Ahí estaba el general Pleshskev con la mujer que se había desmayado, el joven ruso cuya mejilla ensangrentada había provocado el desmayo y un hombre rollizo y pálido de cuarenta y pico años que había estado con ellos en la ceremonia. Un poco más allá estaban Ignati, los dos sirvientes que había visto en la casa y otro que obviamente pertenecía al mismo grupo. Estaban charlando y contemplando las bufonadas nerviosas de un propietario rubicundo que le contaba a un seco teniente de los marines que el automóvil que los bandidos habían robado para instalar en él su ametralladora era el suyo, al tiempo que opinaba sobre lo que debía hacerse al respecto.

—Sí —confirmó Roche—. Veo a tu anciano de los bigotes.

—Bueno, pues ese es el que buscas. La mujer y los dos hombres que están con él, también. Y esos cuatro rusos a la izquierda, otros tantos. Falta otro, pero ya me encargaré yo. Házselo llegar al teniente y los podréis detener sin darles ni una oportunidad de resistirse. Ellos se creen a salvo como los ángeles.
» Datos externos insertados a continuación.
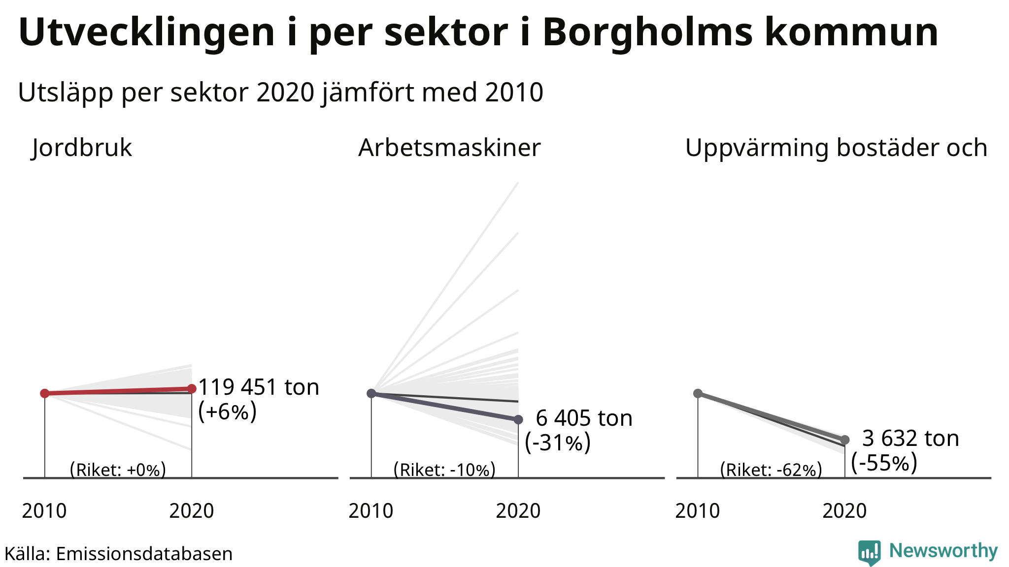 Räknar man alla växthusgaser som släpptes ut i Borgholm 2020 står jordbrukssektorn för 119 451 ton, vilket motsvarar 70 procent av de territoriella utsläppen i kommunen. Det är också en sektor där utsläppen legat relativt still i Sverige de senaste tio åren, medan de ökat något i Borgholm.

—Estás seguro, ¿no? —preguntó el sargento.

—¡No seas tonto! —gruñí, como si no hubiera cometido un error en la vida.

Me estaba sosteniendo sobre el pie bueno. Cuando apoyé el otro para alejarme del sargento, me dio una sacudida que llegó hasta la cadera. Apreté bien las muelas y empecé a abrirme paso con mucho dolor entre la gente para llegar a la otra acera.

No veía a la princesa entre los presentes. Tenía la sensación de que, después del general, ella era el miembro más importante del grupo. Supuse que si estaba en casa y todavía no sospechaba nada podría acercarme a ella lo suficiente para atraparla sin que armase un gran lío.
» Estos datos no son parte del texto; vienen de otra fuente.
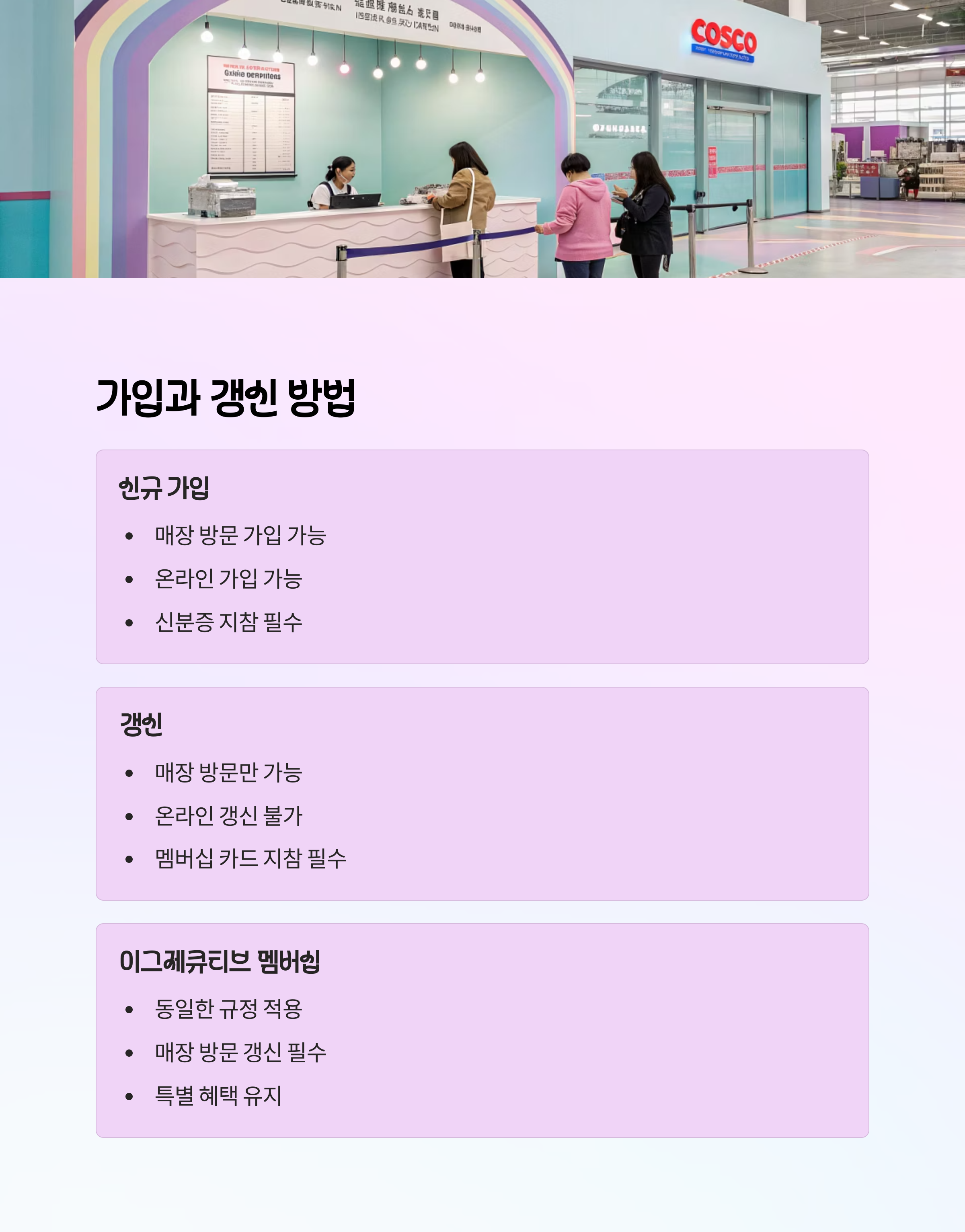 코스트코 회원가입은 오프라인과 온라인 모두 가능하지만, 갱신은 반드시 오프라인에서만 가능합니다.

Caminar era un infierno. Me subía la temperatura. Estaba sudando mares.

—Señor, por ahí no ha pasado nadie.

El repartidor de periódicos al que faltaba una pierna estaba a mi lado. Lo saludé como si mi vida dependiera de él.

—Ven conmigo —le dije, tomando su brazo—. Lo has hecho muy bien ahí abajo y ahora quiero que me ayudes con otra cosa.

A media manzana de la calle principal lo acompañé hasta el porche de una pequeña casita amarilla. La puerta principal estaba abierta, pues así se había quedado, sin duda, al salir los ocupantes de la casa a recibir a la policía y los marines. Justo al otro lado de la puerta, junto a un anaquel, había una silla de mimbre. Llevé el allanamiento al extremo de arrastrar aquella silla hasta el soportal.

—Siéntate, hijo —insté al muchacho.

Se sentó y alzó su cara pecosa para mirarme con desconcierto. Cogí con fuerza su muleta y se la arranqué de la mano.

—Te la alquilo por cinco pavos —le dije—. Y si la pierdo te compraré una de marfil y oro.

Me eché la muleta bajo el brazo y empecé a avanzar colina arriba.

Era mi primera experiencia con una muleta. No batí ningún récord. Pero fue mucho mejor que ir tambaleándome por ahí con un tobillo torcido y sin curar.

La colina era más alta y pronunciada que algunas montañas que he conocido, pero al fin tuve bajo mis pies el camino de grava que llevaba a la casa de los rusos.

Estaba todavía a unos cuatro metros de la casa cuando la princesa Zhukovski abrió la puerta.